*Activity*
Required from the data below: the exact lines starting at the line containing "15:00,我们驱车去另一个" and ending at the line containing "Подробные ответы к", with both ends kept and all pictures dropped.

*Exercise input*

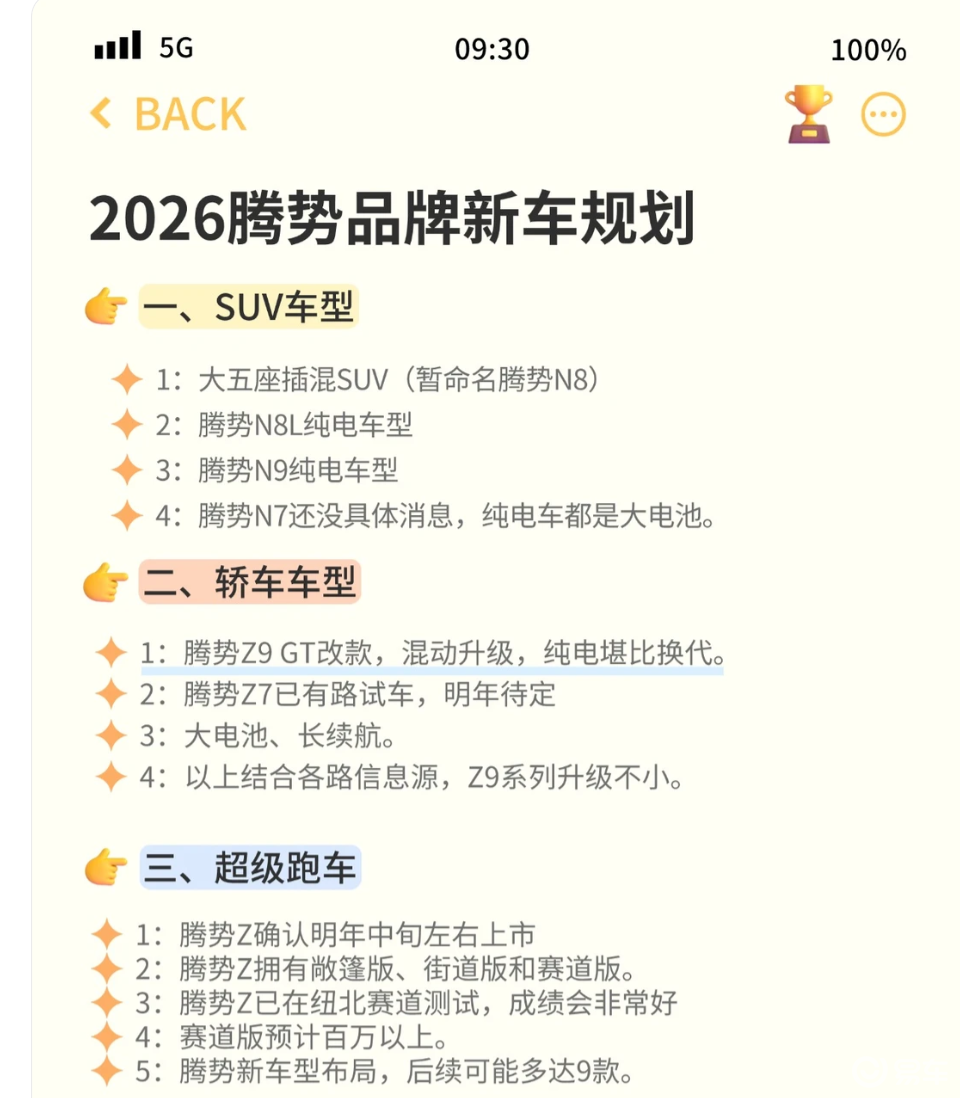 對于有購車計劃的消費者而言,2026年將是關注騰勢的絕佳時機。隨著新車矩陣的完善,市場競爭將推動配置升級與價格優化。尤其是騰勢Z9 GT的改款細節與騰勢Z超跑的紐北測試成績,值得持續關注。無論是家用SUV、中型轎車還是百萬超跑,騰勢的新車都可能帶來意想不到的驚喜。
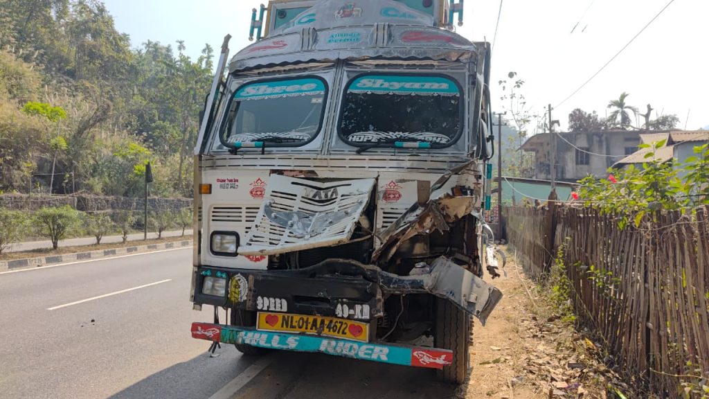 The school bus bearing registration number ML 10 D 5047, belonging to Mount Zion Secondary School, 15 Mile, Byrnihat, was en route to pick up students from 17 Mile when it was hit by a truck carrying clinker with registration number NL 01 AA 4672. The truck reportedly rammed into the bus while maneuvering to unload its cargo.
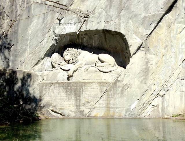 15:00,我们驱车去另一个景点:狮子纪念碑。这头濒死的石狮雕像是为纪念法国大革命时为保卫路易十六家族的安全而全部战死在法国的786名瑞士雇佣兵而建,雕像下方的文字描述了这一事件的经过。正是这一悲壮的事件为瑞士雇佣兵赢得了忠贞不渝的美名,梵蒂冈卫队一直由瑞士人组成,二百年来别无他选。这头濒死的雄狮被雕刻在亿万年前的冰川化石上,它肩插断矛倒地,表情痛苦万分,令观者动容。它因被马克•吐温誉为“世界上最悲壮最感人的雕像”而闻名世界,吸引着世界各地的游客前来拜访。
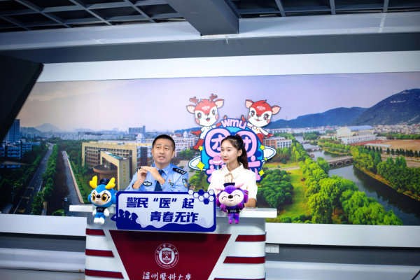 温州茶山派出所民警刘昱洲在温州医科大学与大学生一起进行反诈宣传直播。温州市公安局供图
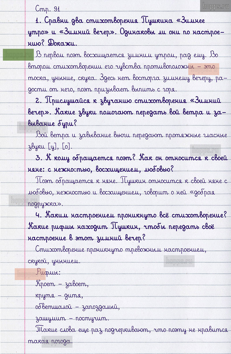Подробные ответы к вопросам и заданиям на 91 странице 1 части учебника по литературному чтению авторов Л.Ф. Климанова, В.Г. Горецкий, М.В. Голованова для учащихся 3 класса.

==

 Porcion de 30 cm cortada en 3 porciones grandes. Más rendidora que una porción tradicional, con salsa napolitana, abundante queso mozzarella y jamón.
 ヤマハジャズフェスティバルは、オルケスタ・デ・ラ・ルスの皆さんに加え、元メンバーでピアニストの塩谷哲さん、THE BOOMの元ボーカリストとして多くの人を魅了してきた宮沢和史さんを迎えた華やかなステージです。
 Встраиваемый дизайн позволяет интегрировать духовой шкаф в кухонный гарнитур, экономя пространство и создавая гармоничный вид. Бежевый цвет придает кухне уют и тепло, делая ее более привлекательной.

*Response for this exercise*
 15:00,我们驱车去另一个景点:狮子纪念碑。这头濒死的石狮雕像是为纪念法国大革命时为保卫路易十六家族的安全而全部战死在法国的786名瑞士雇佣兵而建,雕像下方的文字描述了这一事件的经过。正是这一悲壮的事件为瑞士雇佣兵赢得了忠贞不渝的美名,梵蒂冈卫队一直由瑞士人组成,二百年来别无他选。这头濒死的雄狮被雕刻在亿万年前的冰川化石上,它肩插断矛倒地,表情痛苦万分,令观者动容。它因被马克•吐温誉为“世界上最悲壮最感人的雕像”而闻名世界,吸引着世界各地的游客前来拜访。
 温州茶山派出所民警刘昱洲在温州医科大学与大学生一起进行反诈宣传直播。温州市公安局供图
Подробные ответы к вопросам и заданиям на 91 странице 1 части учебника по литературному чтению авторов Л.Ф. Климанова, В.Г. Горецкий, М.В. Голованова для учащихся 3 класса.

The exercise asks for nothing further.